---------- Provided data

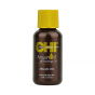Kombinace kvalitního arganového oleje a moringa oleje přináší intenzivní hydrataci, regeneraci a ochranu poškozeným, suchým nebo matným vlasům. Díky lehké konzistenci se rychle vstřebává, nezanechává mastný film a dodává vlasům přirozený lesk a hebkost. Olej rovněž působí jako přírodní ochrana proti tepelnému stylingu, UV záření a pomáhá předcházet krepatění.
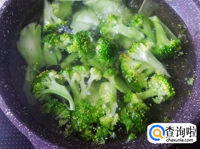 锅里装适量的水煮沸,放西兰花进去灼1分钟左右,捞上来放置冷水盘里过一下水。
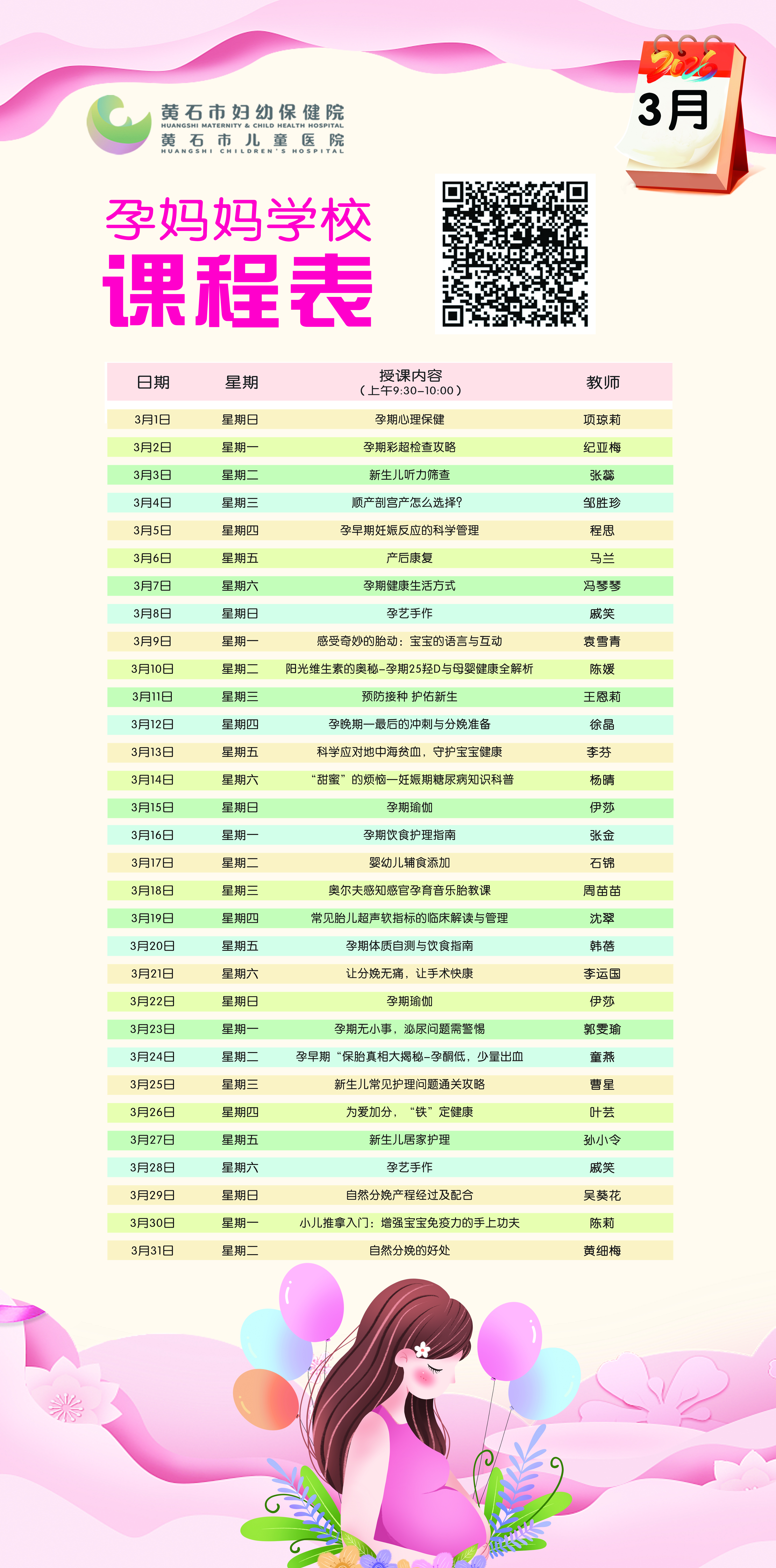 2026年黄石市妇幼保健院3月份孕妇学校课表
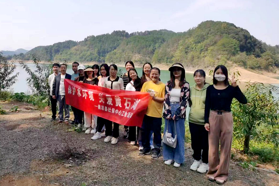 近日,桃源县社保中心工会会员们来到美丽的黄石水库开展“保护水环境 关爱黄石湖”为主题的工会活动。

--------------------

• Directions
Would you write out exactly the lines of the data from the one holding "2026年黄石市妇幼保健院3月份孕妇学校课表" to the final line, both included, with pictures left out?

• Response
 2026年黄石市妇幼保健院3月份孕妇学校课表
 近日,桃源县社保中心工会会员们来到美丽的黄石水库开展“保护水环境 关爱黄石湖”为主题的工会活动。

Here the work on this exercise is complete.